Сорвав аплодисменты за свою остроту, мой всадник пересек двор и вошел в здание напротив, очутившись в коридоре, который, судя по запаху протухшей птицы, слегка облагороженному запахом дыма из очага, отделял кухню от трапезной. Игнорируя тепло и ароматы кухни справа, а также прохладу трапезной с голыми скамьями слева, он толкнул центральную дверь и поднялся по лестнице на другой этаж, где оказался перед еще одной дверью. Он постучал в нее и, не дождавшись ответа, вошел.

В комнате с деревянным потолком и оштукатуренными стенами чувствовалось некое подобие комфорта – ничего общего с выскобленным и вылизанным аскетизмом, с которым всегда были связаны мои детские воспоминания. На устланном камышом полу валялись обглоданные собаками кости. Кровать с засаленным балдахином, стоявшая в дальнем углу, служила, по‑видимому, складом всякого хлама: на ней валялись баранья шкура, пара сандалий, головка сыра на жестяной тарелке, удочка и посреди всего этого вороха возлежала борзая, занятая поиском блох.

– Приветствую вас, святой отец, – сказал мой проводник.

Нечто приподнялось на кровати, потревожив борзую, которая спрыгнула на пол. Этим нечто оказался престарелый, розовощекий монах, еще не пришедший в себя ото сна.

– Я распорядился меня не беспокоить, – сказал он.

Мой проводник пожал плечами.

– Даже для молитвы? – спросил он и потрепал собаку, которая жалась к нему, виляя обрубком хвоста.

Его сарказм остался без внимания. Приор, поджав под себя ноги, еще плотнее укрылся одеялом.
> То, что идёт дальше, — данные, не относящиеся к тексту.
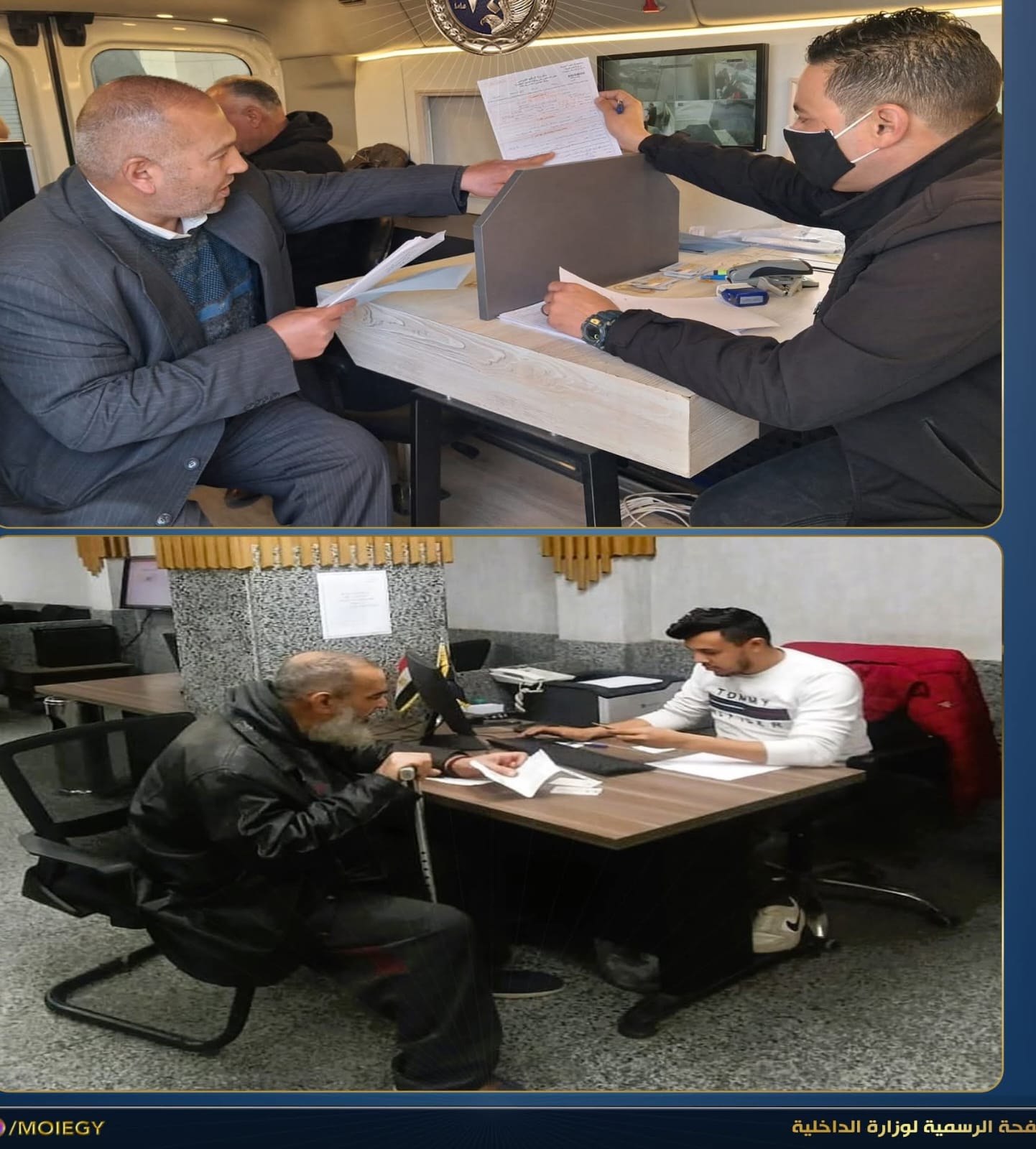 فى إطار سياسة وزارة الداخلية الهادفة فى أحد محاورها إلى تفعيل الدور المجتمعى لكافة القطاعات الأمنية وإعتماد الإجراءات التى من شأنها توفير حصول المواطنين راغبى إستخراج الأوراق الثبوتية بسهولة ويسر.. فقد واصل قطاع الأحوال المدنية إيفاد قوافل مُجهزة فنياً ولوجيستياً لتقديم كافة الخدمات التى يقدمها القطاع للمواطنين من إستخراج بطاقات الرقم القومى المُصدرات المُميكنة بنطاق محافظات القاهرة والجيزة والقليوبية والمنيا أسيوط والدقهلية والبحيرة والمنوفية وشمال سيناء مطروح حيث أسفرت جهود تلك القوافل عن إستخراج عدد 6462 بطاقة رقم قومى وعدد 33688 مصدراً مميكناً.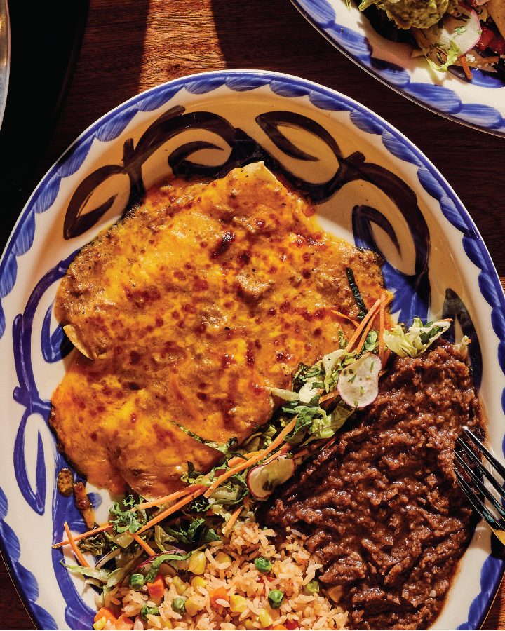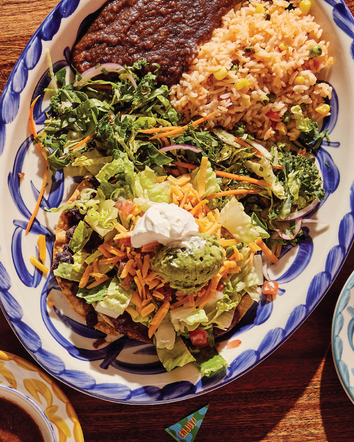 One ground beef tostada, one crispy ground beef taco and one chicken enchilada topped with salsa ranchera, served with pico de gallo and guacamole served with Mexican rice and your choice of refried beans, vegan black beans, or charro beans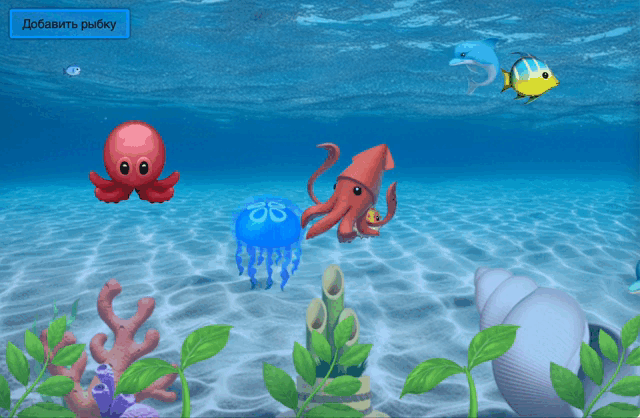 В веб-проекте «Делаем аквариум с разными обитателями» мы использовали анимацию для движения рыбок. С помощью свойства transform рыбки плывут из одной стороны аквариума в другую, затем разворачиваются, используя scaleX, и возвращаются обратно.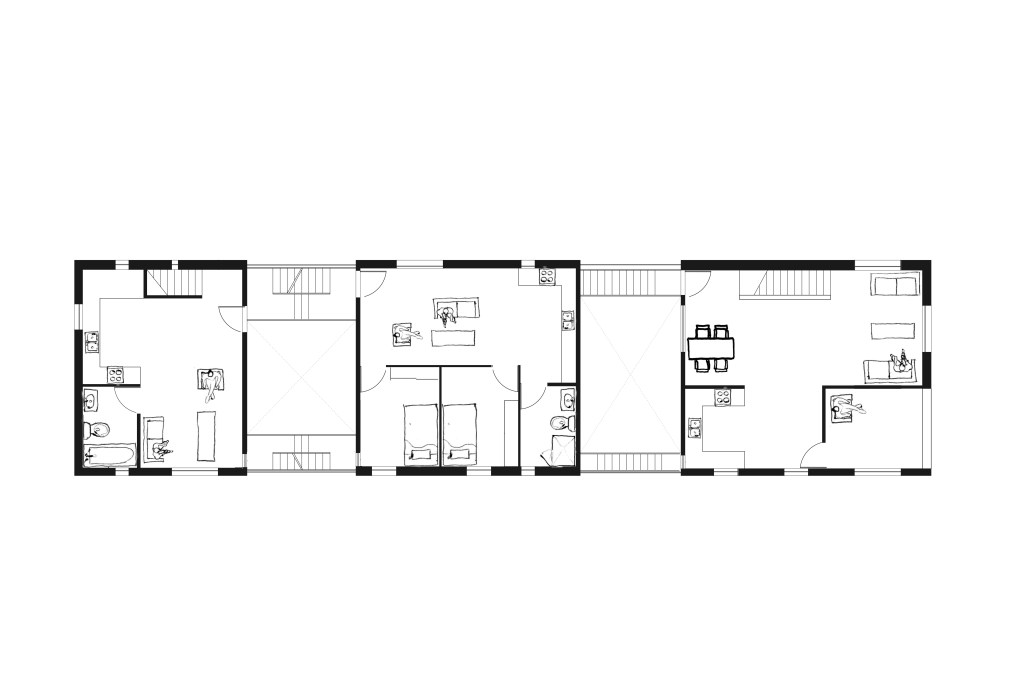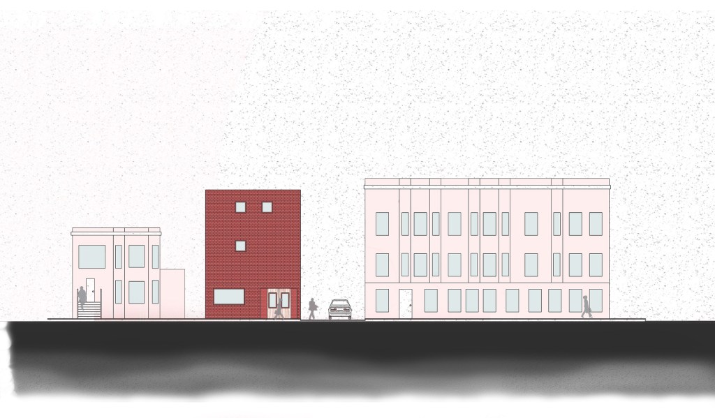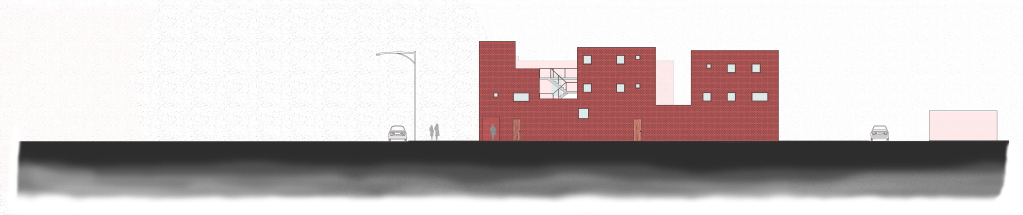 The project began as a multi-use building with four units on the upper levels and a bookstore and cafe on the ground floor set in Chicago’s Logan Square neighborhood. The interaction of the people in the units drove the design of the building to direct how the inhabitants might interact within their small community in relation to time and the space they were occupying. Communal space was too much, however separate entrances were too little. A common entry began to form on the North side of the building which residents would interact as they moved through the building to and from their homes which took on the form of modular pieces which shifted to direct these interactions. The goal of creating a gradient of privacy levels as the residents traveled through the building from the most communal to the most isolated. The shifts began to break the floor plates compressing the space of the bookstore below. Creating separation between the units allowed a greater sense of privacy and allowed the compression in the bookstore below to release and gain natural light and pulling people all the way inside the store to the cafe counter and to the lounge. Pulling the units apart provided an opportunity to adjust the apertures in the walls with the intent of maintaining privacy within the units while also reminding residents of their neighbors much like a short garden fence.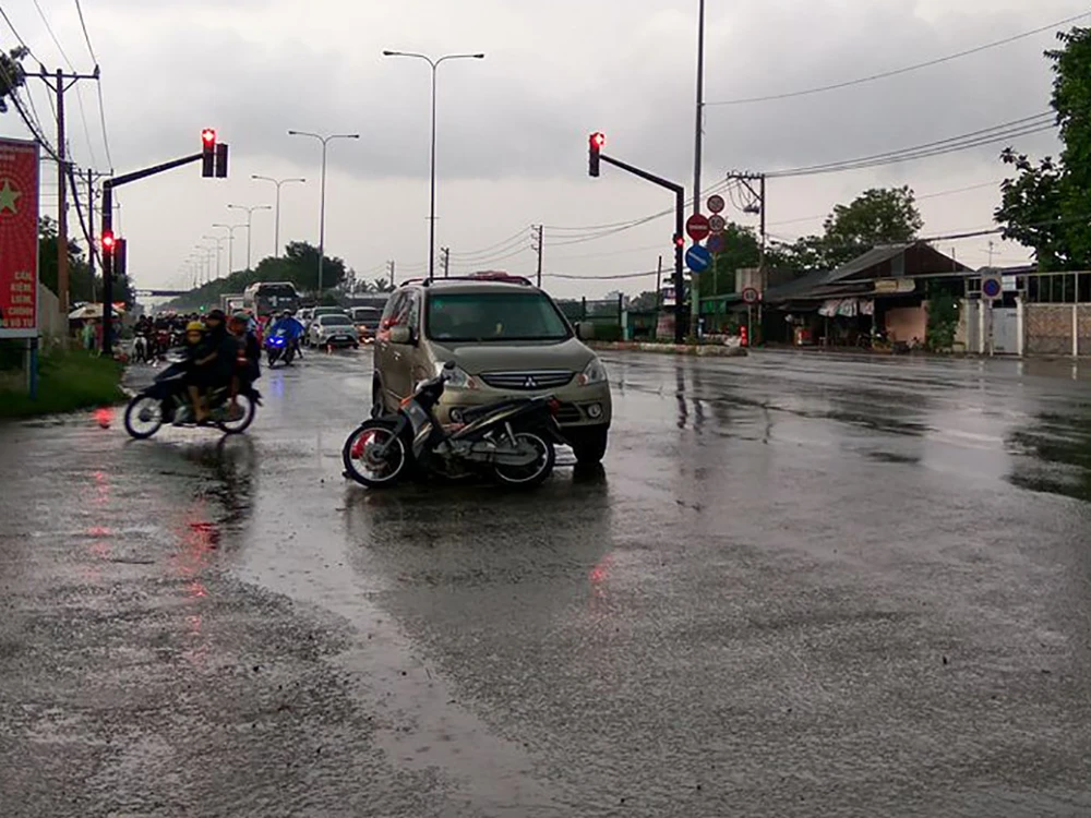 Chiếc ô tô tông trúng hai xe máy tại giao lộ chiều 30-10.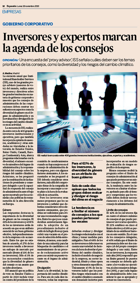 La encuesta anual que Institutional Shareholder Services (ISS), realiza entre inversores y directivos sobre las grandes tendencias en materia de gobierno corporativo, indica que los consejos deben enfocarse en temas como la diversidad de género, y en la evaluación y divulgación de los riesgos del cambio climático. Puedes ver la nota completa en este enlace.

– Мне нужен отдых, – сказал он, – хороший отдых, чтобы быть в форме для приема епископа. Слыхал новости?

– Сплетен всегда полно, – ответил проводник.

– Это не сплетни. Сэр Джон прислал вчера письмо. Епископ выехал уже из Эксетера и в понедельник, после посещения Лаунсестона, будет здесь. Он рассчитывает найти у нас радушный прием и ночлег.

Проводник улыбнулся.

– Епископ знает, когда и к кому ехать. Мартынов день: на ужин – только что заколотый поросенок. Вам нечего волноваться – он отойдет ко сну с набитым брюхом.

– Нечего волноваться? – В раздраженном голосе приора послышались визгливые нотки. – Думаешь, легко сладить с этим неуправляемым сбродом? Хорошее впечатление они произведут на епископа! Он ведь что новая метла – намерен очистить от скверны всю епархию.

– Они будут кроткими как ягнята, если вы пообещаете им награду за пристойное поведение. Главное – не потерять благосклонность сэра Джона Карминоу, остальное неважно.

Приор беспокойно заерзал под одеялом.

– Сэра Джона не так легко провести, он себе на уме и умеет угодить и вашим и нашим. Он, может, и наш покровитель, но только станет ли он вступаться за меня, если ему это невыгодно.

Проводник поднял с пола кость и протянул собаке.

– В нынешней ситуации сэр Генри, как хозяин земель, будет иметь больший вес, чем сэр Джон, – сказал он. – Этот кающийся грешник не оставит тебя. Ручаюсь, он сейчас стоит коленопреклоненный в часовне.

Приору не очень‑то понравилось это высказывание.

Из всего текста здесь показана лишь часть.